Given a stream of factory sensor readings, predict whether an equipment incident will occur in the near future. The goal is to fire an alert early enough to allow preventive action.
Generated synthetic sensor data (vibration, temperature, pressure) with randomly injected incident windows. Built a sliding-window binary classification pipeline: the model looks at the last W days of sensor history and predicts whether an incident will happen in the next H days.
Feature engineering includes STL trend decomposition and cyclic calendar encoding to capture seasonal patterns. Three models were trained and compared — Random Forest, SVM, and LSTM — all with chronological train/test split to prevent data leakage.
Alert thresholds were tuned per model using the Precision-Recall curve rather than the default 0.5, since the cost of missing an incident differs from the cost of a false alarm.
Models are evaluated on Precision, Recall, F1, ROC-AUC, and Detection Lag — how many steps early or late the model fires relative to the actual incident start. Negative lag means the model predicted before the incident began, which is the ideal outcome for a warning system.

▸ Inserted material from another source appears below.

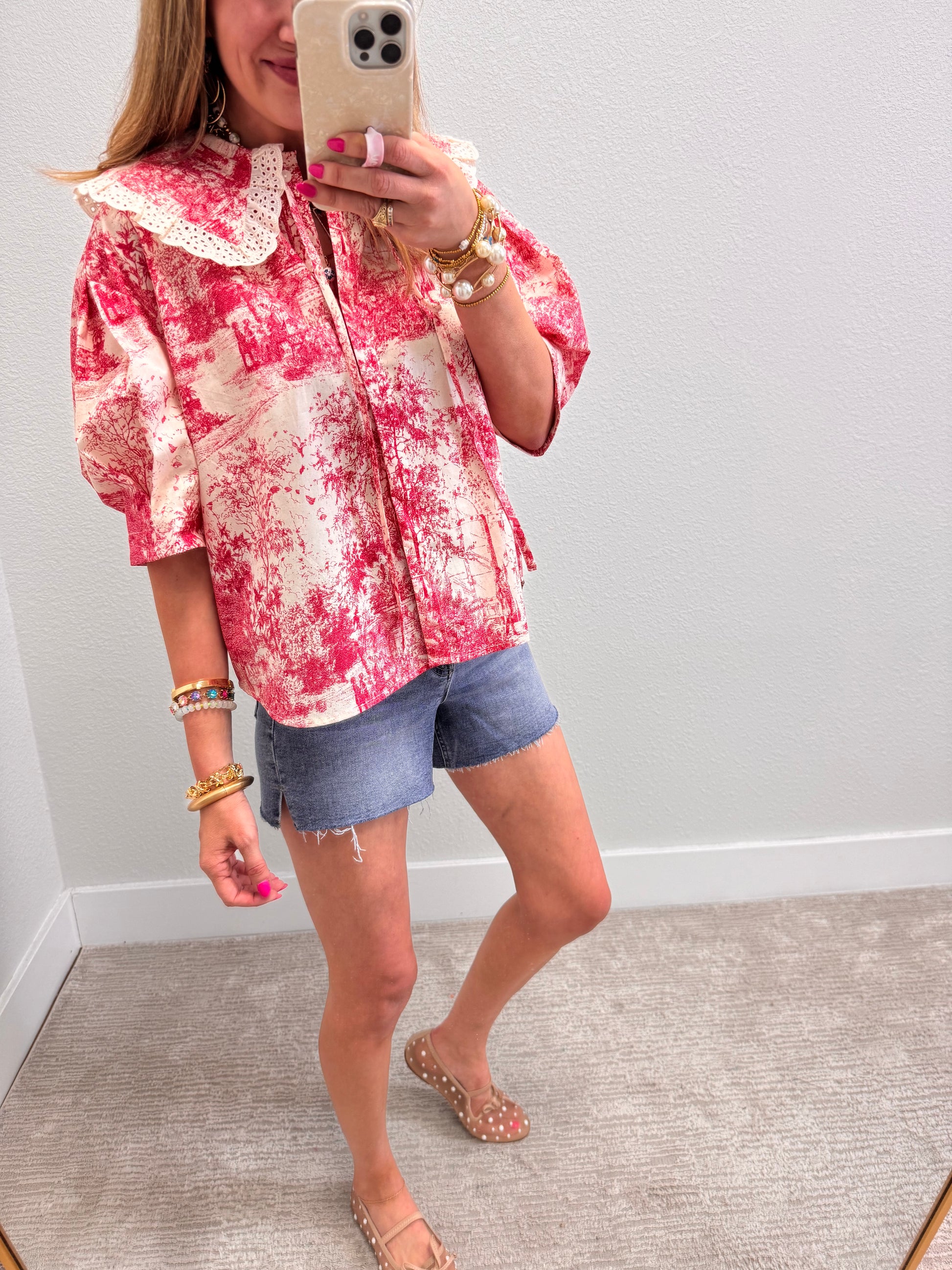Red Vintage Print Top with Lace Trim Peter Pan Collar
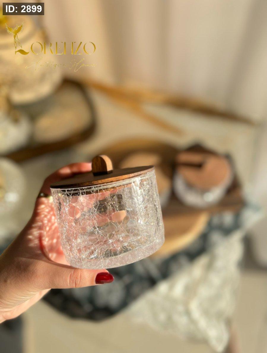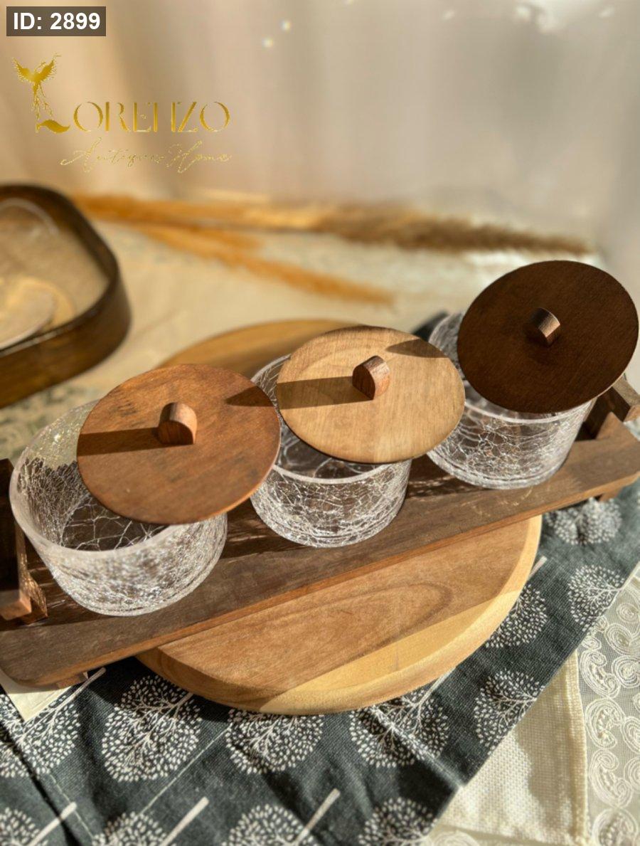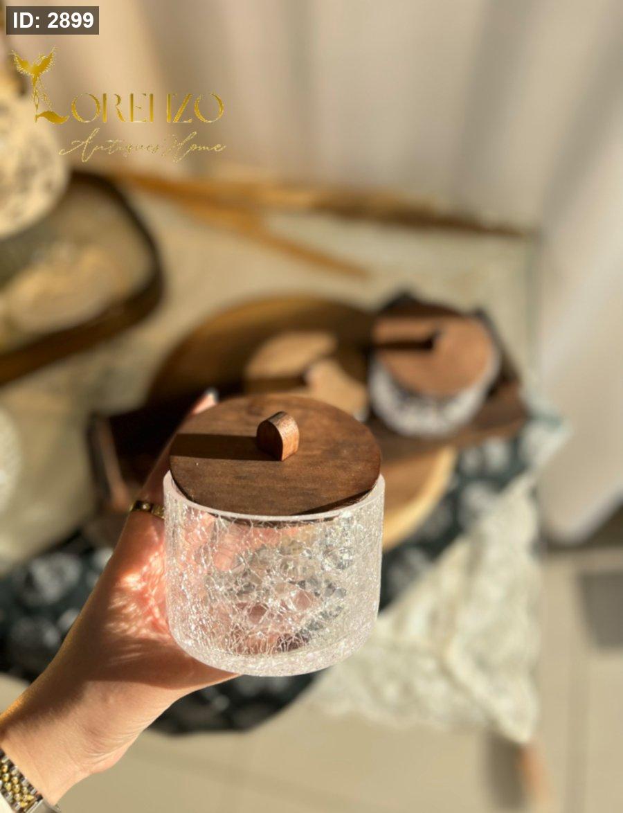 مضيفة زجاج مُتلئلئ مع قاعدة خشب ثلاثية ( مع غطاء)

| Model | Precision | Recall | F1 | ROC-AUC | Avg Detection Lag |
|---|---|---|---|---|---|
| Random Forest | 0.833 | 0.526 | 0.645 | 0.761 | +3.0 days |
| SVM | 0.875 | 0.368 | 0.519 | 0.683 | +3.0 days |
| LSTM | 0.889 | 0.421 | 0.571 | 0.709 | +3.0 days |
Random Forest achieved the best F1 score. All three models showed reasonable precision but struggled with recall due to the low frequency of incidents in the data.
pip install pandas numpy scikit-learn statsmodels tensorflow matplotlib
jupyter notebook time_series_test.ipynb